ABOUT THIS TASK → Each line in the material below, starting at the one with "1/5馬總統指示政府相關部門" and ending at the one with "The Trillo cocktail", is to be reproduced exactly; no picture is to be copied.

THE DATA →
************

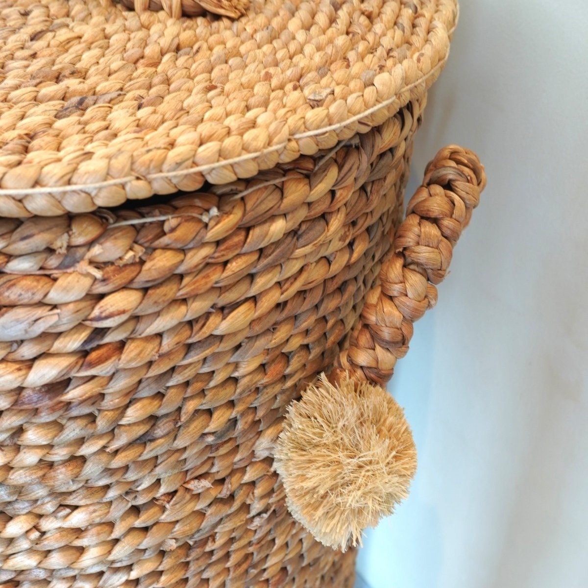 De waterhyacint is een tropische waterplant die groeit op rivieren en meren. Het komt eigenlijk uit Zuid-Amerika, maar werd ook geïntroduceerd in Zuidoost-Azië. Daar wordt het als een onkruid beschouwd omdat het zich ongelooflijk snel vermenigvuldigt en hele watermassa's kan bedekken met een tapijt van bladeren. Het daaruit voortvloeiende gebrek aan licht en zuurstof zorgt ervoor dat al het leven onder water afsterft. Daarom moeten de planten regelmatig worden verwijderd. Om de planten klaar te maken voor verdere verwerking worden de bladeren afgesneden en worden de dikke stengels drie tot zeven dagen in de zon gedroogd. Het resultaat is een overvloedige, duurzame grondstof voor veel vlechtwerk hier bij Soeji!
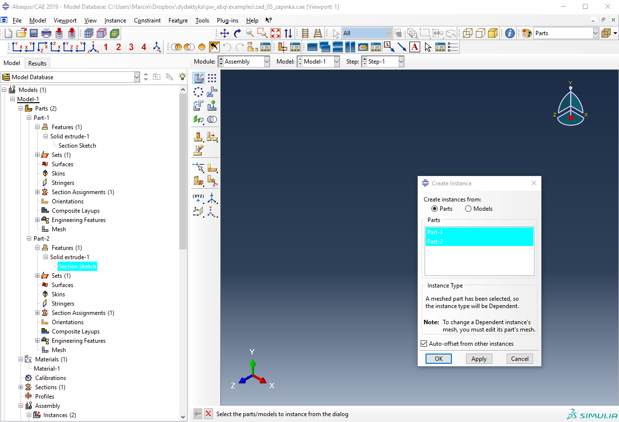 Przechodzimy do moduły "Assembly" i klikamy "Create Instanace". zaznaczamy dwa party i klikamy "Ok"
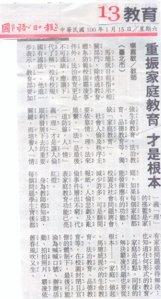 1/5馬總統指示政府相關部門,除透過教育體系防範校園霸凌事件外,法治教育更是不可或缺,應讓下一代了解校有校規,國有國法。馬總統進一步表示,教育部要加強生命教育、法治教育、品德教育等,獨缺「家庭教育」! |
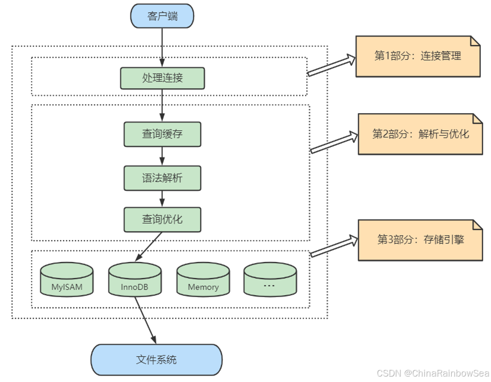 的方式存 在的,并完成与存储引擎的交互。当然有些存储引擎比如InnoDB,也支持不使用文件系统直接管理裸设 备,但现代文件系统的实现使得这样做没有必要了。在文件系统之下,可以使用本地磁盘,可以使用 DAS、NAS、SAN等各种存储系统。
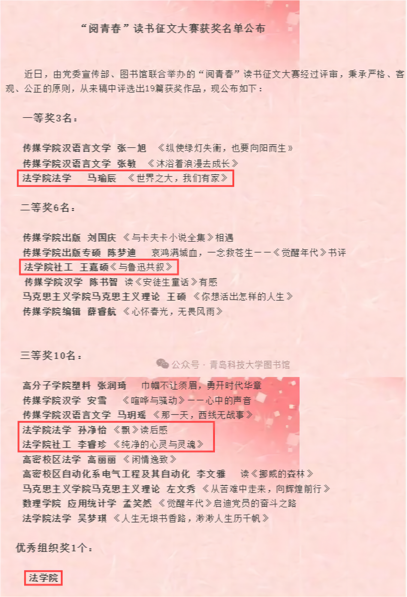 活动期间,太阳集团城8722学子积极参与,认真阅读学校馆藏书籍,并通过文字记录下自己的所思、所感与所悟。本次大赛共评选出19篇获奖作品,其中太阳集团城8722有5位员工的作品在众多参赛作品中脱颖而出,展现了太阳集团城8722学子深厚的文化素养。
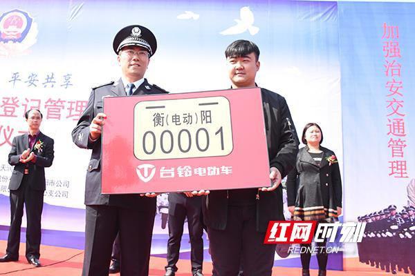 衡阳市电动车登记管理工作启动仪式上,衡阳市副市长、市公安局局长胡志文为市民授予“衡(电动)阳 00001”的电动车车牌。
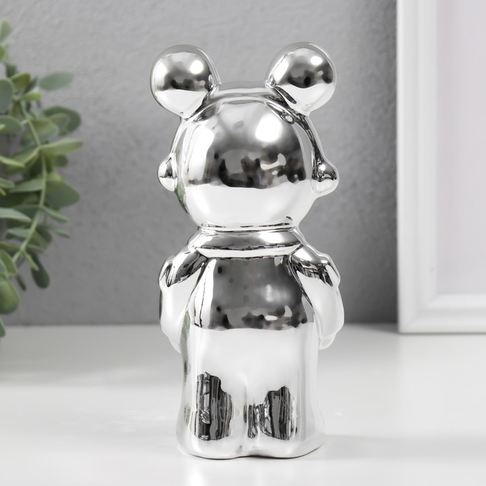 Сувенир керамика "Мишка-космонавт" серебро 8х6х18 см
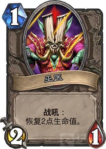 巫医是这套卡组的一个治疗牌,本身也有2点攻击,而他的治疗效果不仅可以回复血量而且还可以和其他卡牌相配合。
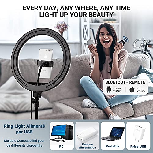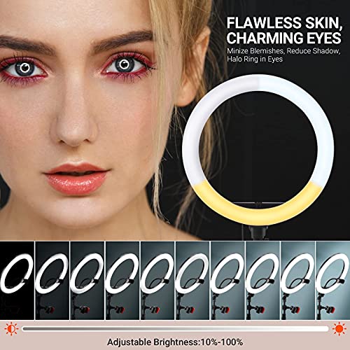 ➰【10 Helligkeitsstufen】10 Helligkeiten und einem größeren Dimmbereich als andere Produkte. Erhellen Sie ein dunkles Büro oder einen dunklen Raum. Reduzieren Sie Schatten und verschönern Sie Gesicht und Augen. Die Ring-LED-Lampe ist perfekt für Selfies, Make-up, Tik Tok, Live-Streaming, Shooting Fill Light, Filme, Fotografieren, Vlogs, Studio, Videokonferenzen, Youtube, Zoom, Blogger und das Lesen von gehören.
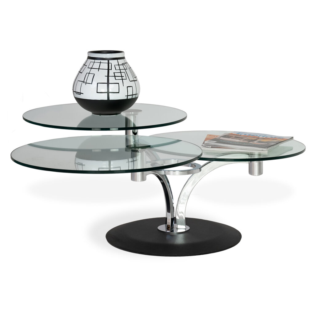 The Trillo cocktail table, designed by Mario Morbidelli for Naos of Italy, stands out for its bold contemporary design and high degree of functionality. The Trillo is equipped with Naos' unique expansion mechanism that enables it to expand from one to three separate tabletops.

************

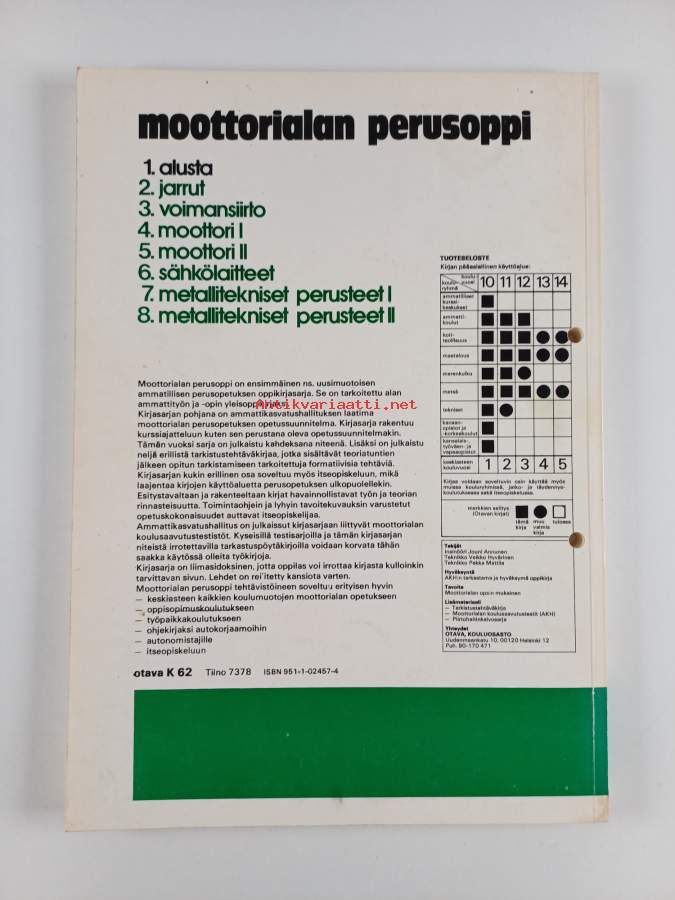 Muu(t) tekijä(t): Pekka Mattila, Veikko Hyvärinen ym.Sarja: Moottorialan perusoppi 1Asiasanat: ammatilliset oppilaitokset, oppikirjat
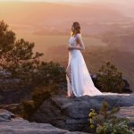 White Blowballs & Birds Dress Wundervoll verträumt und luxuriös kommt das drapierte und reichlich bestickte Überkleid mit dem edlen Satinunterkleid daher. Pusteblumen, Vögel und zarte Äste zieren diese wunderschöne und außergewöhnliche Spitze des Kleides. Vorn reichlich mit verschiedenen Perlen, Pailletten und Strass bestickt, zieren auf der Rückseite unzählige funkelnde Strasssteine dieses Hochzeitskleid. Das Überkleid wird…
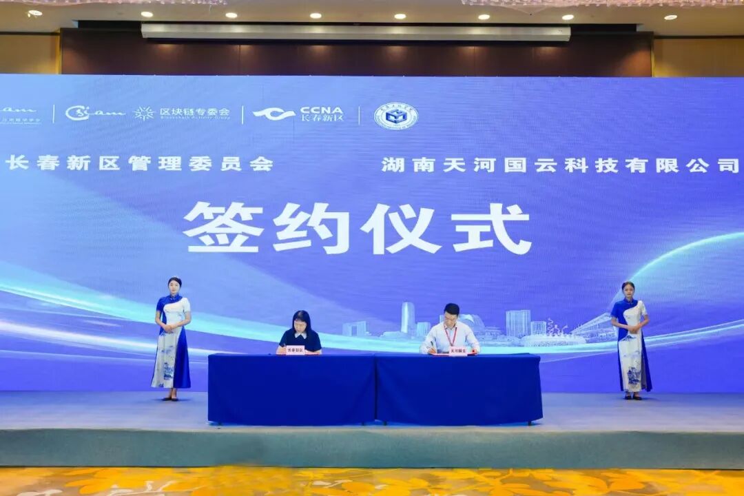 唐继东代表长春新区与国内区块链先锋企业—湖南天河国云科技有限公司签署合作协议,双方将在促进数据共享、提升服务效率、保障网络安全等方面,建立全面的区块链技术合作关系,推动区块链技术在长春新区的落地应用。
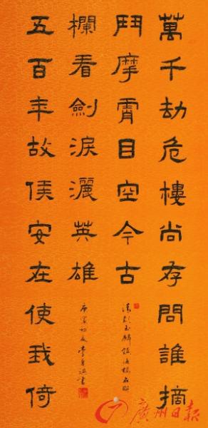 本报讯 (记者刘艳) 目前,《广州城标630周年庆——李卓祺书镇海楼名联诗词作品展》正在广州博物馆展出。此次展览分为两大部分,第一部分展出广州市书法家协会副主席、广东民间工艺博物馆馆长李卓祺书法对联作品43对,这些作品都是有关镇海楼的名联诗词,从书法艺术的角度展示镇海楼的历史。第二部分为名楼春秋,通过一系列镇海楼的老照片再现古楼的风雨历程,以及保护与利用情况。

************

RESULT OF THE TASK →
 1/5馬總統指示政府相關部門,除透過教育體系防範校園霸凌事件外,法治教育更是不可或缺,應讓下一代了解校有校規,國有國法。馬總統進一步表示,教育部要加強生命教育、法治教育、品德教育等,獨缺「家庭教育」! |
 的方式存 在的,并完成与存储引擎的交互。当然有些存储引擎比如InnoDB,也支持不使用文件系统直接管理裸设 备,但现代文件系统的实现使得这样做没有必要了。在文件系统之下,可以使用本地磁盘,可以使用 DAS、NAS、SAN等各种存储系统。
 活动期间,太阳集团城8722学子积极参与,认真阅读学校馆藏书籍,并通过文字记录下自己的所思、所感与所悟。本次大赛共评选出19篇获奖作品,其中太阳集团城8722有5位员工的作品在众多参赛作品中脱颖而出,展现了太阳集团城8722学子深厚的文化素养。
 衡阳市电动车登记管理工作启动仪式上,衡阳市副市长、市公安局局长胡志文为市民授予“衡(电动)阳 00001”的电动车车牌。
 Сувенир керамика "Мишка-космонавт" серебро 8х6х18 см
 巫医是这套卡组的一个治疗牌,本身也有2点攻击,而他的治疗效果不仅可以回复血量而且还可以和其他卡牌相配合。
 ➰【10 Helligkeitsstufen】10 Helligkeiten und einem größeren Dimmbereich als andere Produkte. Erhellen Sie ein dunkles Büro oder einen dunklen Raum. Reduzieren Sie Schatten und verschönern Sie Gesicht und Augen. Die Ring-LED-Lampe ist perfekt für Selfies, Make-up, Tik Tok, Live-Streaming, Shooting Fill Light, Filme, Fotografieren, Vlogs, Studio, Videokonferenzen, Youtube, Zoom, Blogger und das Lesen von gehören.
 The Trillo cocktail table, designed by Mario Morbidelli for Naos of Italy, stands out for its bold contemporary design and high degree of functionality. The Trillo is equipped with Naos' unique expansion mechanism that enables it to expand from one to three separate tabletops.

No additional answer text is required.